Digitizing Suzette: Exploring Girls’ Education in Belle Epoque France

For the past few years, John Westbrook has been working with Diane Jakacki and a team of student researchers (Annie Girton, Sarah Haber, and Rebecca Heintzelman) to digitize a best-selling reader, titled Suzette, used for girls’ education in belle-époque France. This textbook provides a rich source for understanding how tension between the intellectually egalitarian goals and socially conservative mores of the educational reformers of the Third Republic were translated into pedagogical practices in girls’ classrooms. Working from the teacher’s edition, The Suzette Project team has refined a coding schema that reflects how the national curriculum was transformed into a narrative that follows the intellectual, social, and moral growth of the young eponymous heroine. The final goal of The Suzette Project will be an online, bilingual, annotated version of the textbook accompanied by an evolving set of interpretive texts. This session, which took place on April 29, 2021, provides a brief overview of the project and its goals, followed by roundtable discussion with the Bucknell students about their experiences with the project.
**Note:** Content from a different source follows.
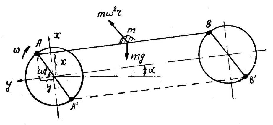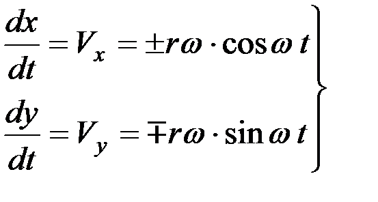 Отсчет угла поворота коленчатого вала производится от оси OY в направлении его вращения. Если w ‑ угловая частота вращения вала, то угол wt определит положение клавиши, соответствующее некоторой точке А. Координаты этой точки, очевидно, будут следующие:

Making & Collaborating: Student-Led Digital Humanities Projects at the Griot Institute

Each year the Griot Institute works closely with several undergraduate and one or two graduate students to build on past research projects and pursue new research endeavors. Learn from current Griot students as they present their projects. These projects include: the Bucknell Civil Rights Project, the Griot Institute Monthly Newsletter, the African Matrilineal Societies & African Girlhoods Projects, the Bucknell Black History Timeline, and the Antigua Sugar Mills Project. This event took place on Friday, April 9, 2021.


The Florentine Codex Project: A Decolonial Approach to Digital Editing

On Thursday, March 18, 2021, Dr. Obed Lira presented his ongoing Digital Humanities project, The Florentine Codex Project, which is a collaboration between researchers from Bucknell University and the Poetic Media Lab at Stanford University. The project is mainly focused on the creation of a digital edition of the monumental sixteenth-century work entitled Historia general de las cosas de Nueva España (General History of the Things of New Spain), also known as the Florentine Codex. This encyclopedic work—compiled over many years by a Franciscan friar and his native collaborators—sought to capture the language and culture of the indigenous Nahua peoples with the ultimate end of enhancing evangelization efforts. Dr. Lira’s talk introduced this important source and discussed some of the ways in which this digital project challenges current research paradigms around colonial documents of this kind, offering instead a decolonial approach to digital editing, and thus a decolonial approach to reading an ever-growing digital archive of colonial documents.


Mapping with the Humanities: Spatial Humanities, Cultural-Historical Understandings of Place, and the Dangers of Presentism

“Mapping with the Humanities: Spatial Humanities, Cultural-Historical Understandings of Place, and the Dangers of Presentism” took place on Monday, October 05, 2020, led by Dr. Diane Jakacki, Digital Scholarship Coordinator. This event entailed a presentation and discussion on how do digital humanists balance the need to analyze the complexities of place in cultural-historical contexts with the positivistic tools offered in geospatial data-driven mapping environments? In the talk Dr. Jakacki presented, a Mellon-funded DH research project, REED London, that aimed to analyze documentary evidence about London, its inhabitants, and the relationship of performance to the City’s developing identity from the Middle Ages through the Restoration.


Building Digital Ethics: Foregrounding Privacy and Ethics in Digital Humanities Projects

“Building Digital Ethics” took place on Sept. 14, 2020. Led by Christian Howard-Sukhil and Todd Suomela, this event entailed a presentation and discussion about navigating legal questions around privacy and its attendant ethical considerations in relation to Digital Humanities (DH) projects. “Building Digital Ethics” was part of the Fall 2020 HumLab Bytes event series.


Critical Playing Workshop

On February 25, 2020, Professor Ghislaine McDayter from the Department of English led a workshop on “Critical Playing,” which included a discussion of how computer games can assist in the development of scholarship and learning. To learn more about the event, check out this blog post by Lielt Endashaw!

The Critical Playing Workshop was part of the ongoing event series called “HumLab Bytes.” HumLab Bytes events are designed to promote discussion and exploration of a given technology in relation to humanistic inquiry. These events are open to all faculty, staff, and students at Bucknell, as well as individuals in the surrounding communities.


Digital Humanities Showcase & Mixer

The inaugural Digital Humanities (DH) Showcase and Mixer event was hosted on January 30, 2020 in the Bucknell Humanities Center. Twenty-one faculty, staff, and students from multiple departments and groups across campus presented their ongoing DH work, and there were representatives from Classics and Ancient Mediterranean Studies, Comparative and Digital Humanities, Digital Pedagogy and Scholarship, English, History, the Humanities Center, Library and Information Technology, the Place Studies Program, and Spanish. The event was well attended by individuals from all three colleges as well as various administrative groups on campus, including the Office of Sponsored Projects and the Provost’s Office.